Nate Abele nate at cakephp.org
Sun Jul 26 01:49:39 EDT 2009


> Date: Fri, 24 Jul 2009 11:46:32 -0500
> From: "Brian D." <brian at realm3.com>
> To: NYPHP Talk <talk at lists.nyphp.org>
> Subject: [nycphp-talk] Frameworks & Fast Iterations
>
> - How do you deal with quickly-morphing PHP frameworks when some
> applications tend to stay in production for years at a time?
> - Do any of you have a good experience with a framework that ages  
> well?

Hey Brian, interesting thoughts.  Certainly, this is something you  
deal with any time you're integrating 3rd-party libraries into your  
application, but especially so when dealing with a full-stack  
framework, since every part of the application is in question.  The  
idea that things change 'quickly' is somewhat curious though, since  
the speed of change is a relative metric.  Languages evolve very  
slowly, over a period of years, but technology, especially in our  
specific industry, can change almost monthly.  It seems appropriate  
then, that frameworks, which touch both ends of that spectrum, evolve  
at a rate somewhere between the two.

> As others have pointed out, the more abstracted a given foundation is,
> the faster it changes. C code pretty much works the same way it did 10
> years ago. PHP 5.3 is quite a bit different than the PHP3 code I wrote
> years ago. Frameworks (I've used Zend and CakePHP) change even faster
> - the code I wrote last year for Cake or Zend is quite a bit different
> than the code I write today.


I can only speak to the projects I've worked (i.e. CakePHP), but in my  
experience, the upgrade processes we've provided have, for most  
people, been fairly smooth.  So far in the history of the project, the  
biggest changes occurred between the 1.1 and 1.2 releases, where a  
significant portion of the helper API changed, many other methods were  
moved around, and a lot of new features were added.
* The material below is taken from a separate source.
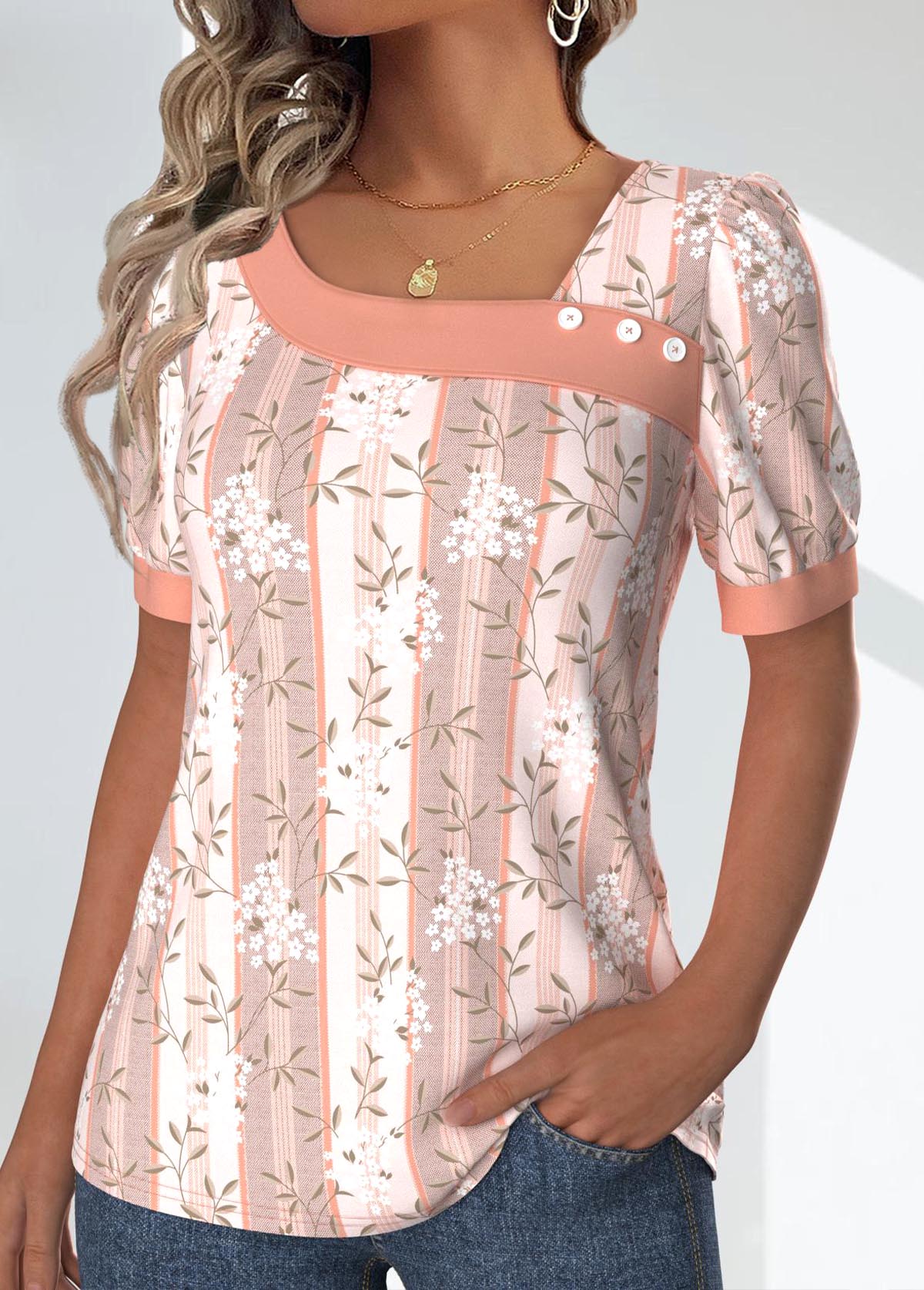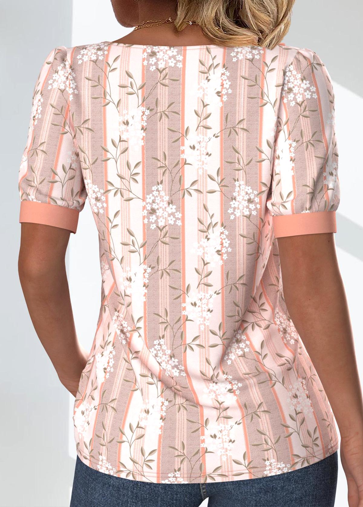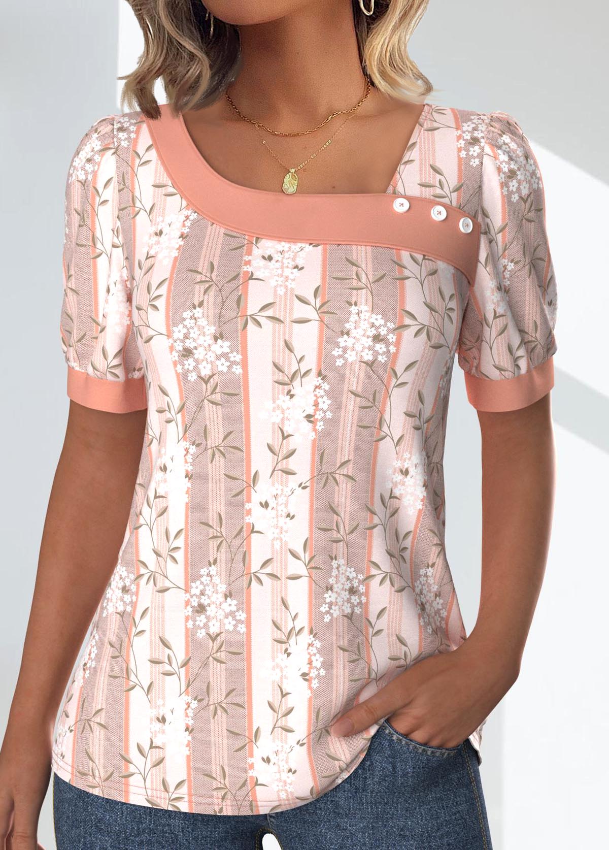 SALE Floral Print Patchwork Light Pink Short Sleeve T Shirt Rosewe®

While we didn't have the foresight at the time to develop a migration  
guide as we went along, but resources and tutorials quickly sprang up  
by people documenting their experiences with their own applications.   
Interestingly, one recurring item of feedback we received was that  
people spent the bulk of their migration time removing code that was  
no longer needed because of new framework features.  Spending  
migration time on removing maintainable SLOC seems like a fair trade,  
IMO.

As far as the changes to helpers, which were the most extensive, many  
of them were simply moved/renamed methods, with slightly modified  
parameters in some cases.  In the 7 releases and roughly two years  
between the 1.1 and 1.2 stable releases, we incrementally implemented  
these method changes by throwing deprecation warnings in the old  
methods for several release cycles before finally removing the old  
method.

Of course, the people who had the easiest time migrating were those  
with effective unit test coverage.  Between this and deprecation  
warnings, most migration issues between any CakePHP versions in the  
same branch should be immediately identifiable.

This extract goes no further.